Fear at the Fair

heatherdilly.jpg July 1988, Detroit, Michigan

By Heather Dilly

Rosie grabbed my hand with a force beyond her 13 years. She had had enough– enough of me and my fear getting in the way of her good time.

“What is wrong with you? Just come on!”

I smiled and pretended that my insides weren’t churning and eating themselves. I fussed with my scrunchy with my one free hand and shrugged like I didn’t have a care in the world. Rosie pulled me toward the fairgrounds, and I had to throw up in my mouth a little with every step I took. She had shamed me just enough to swallow my own vomit.

I wasn’t scared of rides. I wasn’t scared of cotton candy. I was scared of crowds. I was scared of people. I was scared of being scared and having nowhere to run.

I couldn’t have known that accepting Rosie’s invite to the fair that night would propose a problem. I hadn’t realized that fairs were scary. The few I had attended in my meager past seemed all right enough to me. Mom, Dad … Ferris wheels? But tonight was different.

Rosie’s big sister was the driver, the chaperone. To be kind I will call her big-boned. To be very kind I will call her responsible. To be a liar I will say that she didn’t hate the both of us and our bright eyes and tiny bodies. The second that car was in park, she was gone with only a snotty word over her bulbous shoulder.

“Be back at 10. I am not waiting for you shits.”

And I wish I could have felt liberated. I wish I could have felt free. I had no chaperone. I had no one watching me. I needn’t mind my Ps and Qs. It was a freedom that was shiny new to me. I was 13, at the fair, with my cool friend and freedom was looming and covered in cotton candy, Ferris wheels, and the materhorn.

Maybe it was too much too soon, but I just felt scared.

Rosie and I were speechless at first. We watched the formidable shadow of her older sister dissolve into the spectrum of bright colors and sounds. We scuffed the dirt underneath our feet, and neither one of us knew what to do next. Neither one of us had banked on absolute freedom. Absolutely.

But while I covered my Converse in dirt, Rosie found her resolve. She realized that she had been given that rare teenage opportunity. She was chaperoned, or so her parents thought. She was where she said she was going to be. She had a pass. She could do as she pleased.

I wish that I felt like my friend did that day. But I just wanted to go home. I felt butterflies and twitches and a cold sweat. My hands were shaking, and my mind racing, and I needed to run somewhere and hide. What a lovely introduction to panic. Panic that would plague me right to the end of … well, I am not done yet, but I imagine it will be around until I am done.

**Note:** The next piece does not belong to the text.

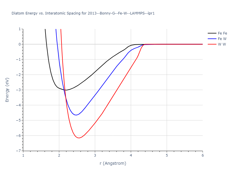 Plots of the potential energy vs interatomic spacing, r, are shown below for all diatom sets associated with the interatomic potential. This calculation provides insights into the functional form of the potential's two-body interactions. A system consisting of only two atoms is created, and the potential energy is evaluated for the atoms separated by 0.02 Å <= r <= 6.0> Å in intervals of 0.02 Å. Two plots are shown: one for the "standard" interaction distance range, and one for small values of r. The small r plot is useful for determining whether the potential is suitable for radiation studies.

I wanted to stare into the lights of the explosive panorama of the Michigan State Fair. But my knees were knocking together, and the sound of bone on bone matched the thundering in my chest.

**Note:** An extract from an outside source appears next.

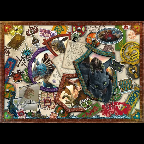 1 000-dílná skládačka Jak vycvičit draka – Hrdinové představuje jedinečnou koláž postav z titulního filmu. Puzzle obsahují 1000 dílků. Rozměr složeného obrázku: 683x480 mm

Rosie didn’t notice. While my knees were knocking, hers took to walking. She was hypnotized by the sounds and lights and materhorns.

“What is wrong with you? Just come on!”

Vomit and all, I followed.

I was scared. I didn’t know why.

In spite of my seemingly unwarranted fear, we did manage to ride a few rides that night. We stopped and purchased snow cones. I did sweat through my “RELAX” Frankie goes to Hollywood T-shirt, an easy thing to write off because of the suffocating humid summer air. No one would have guessed that the sweat that covered me from head to clammy toe was cold and more a result of the hurricane of fear welling up inside of me with every clown we passed, every bite of cotton candy.

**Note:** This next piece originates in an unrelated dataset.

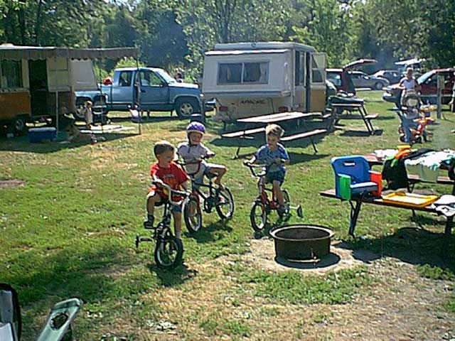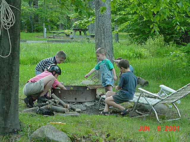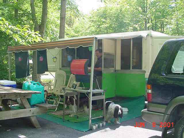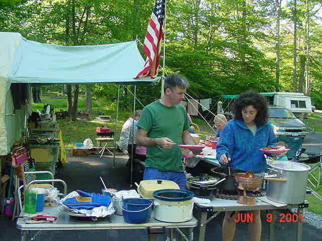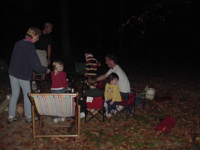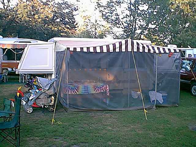 Hi all. I had to take a while to rest up from that wonderful weekend at Promised Land State Park. Boy, did I pick great weather or what! The Kanes (Bill and Bonnie) had to move into a larger Apache since June. They brought their 1978 Roamer for the trial run. Rich and Katrina (don't think I spelled that right...) were there in their 'big blue tarp' with a little bitty Eagle underneath. I just couldn't get the Raven out of the garage so we had to make do with an off-brand for the weekend. We started the usual way with a little campfire on Friday night for some R&R time. Then off to bed for a good nights sleep.A late start Saturday morning lead to getting back together in the early afternoon to help and watch the Kanes setting up camp. We pooled our resources and had a nice pot luck dinner. A pot roast and veggies so tender you didn't need a knife, a nicely spiced pot of de-gassed chili and rice (took some of the fun out of Sunday for me), and a big pot of New England clam chowder and crackers rounded out the feast for the night. I think everyone held back on the dinner fixins so they could max out on the marshmallows and smoores around the campfire. At least the kids did. I wonder if marshmallows come in industrial size bags...?

I was able to hide my ever mounting panic just enough to appear normal to my cool friend. My insides were shaking but my outsides seemed calm, if sweaty. Every time there was a loud noise, I checked all of my surroundings as subtly as I could without giving myself away. That means every time someone fooled the guesser, or hit the hammer so hard that the disc rammed the top of the tower, or someone’s blood curdling scream wafted through the summer stick from some death defying ride or another, every muscle in my body tensed. And I carefully scanned every angle of the panorama looking for who was there to kill me.

Rosie didn’t notice anything strange about me, much to my great relief, and at 9:30, just before our 10:00 “don’t be a shit” meeting time with our robust “chaperone”, she decided that we simply had to go into the haunted house.

One might assume that a girl with knocking knees would do anything to avoid “THE HOUSE OF 1,000 HORRORS!!!!” But I was wonderfully relieved by such an option. It was the one spot in the whole damn fairground where I wouldn’t have to hide my internal horror.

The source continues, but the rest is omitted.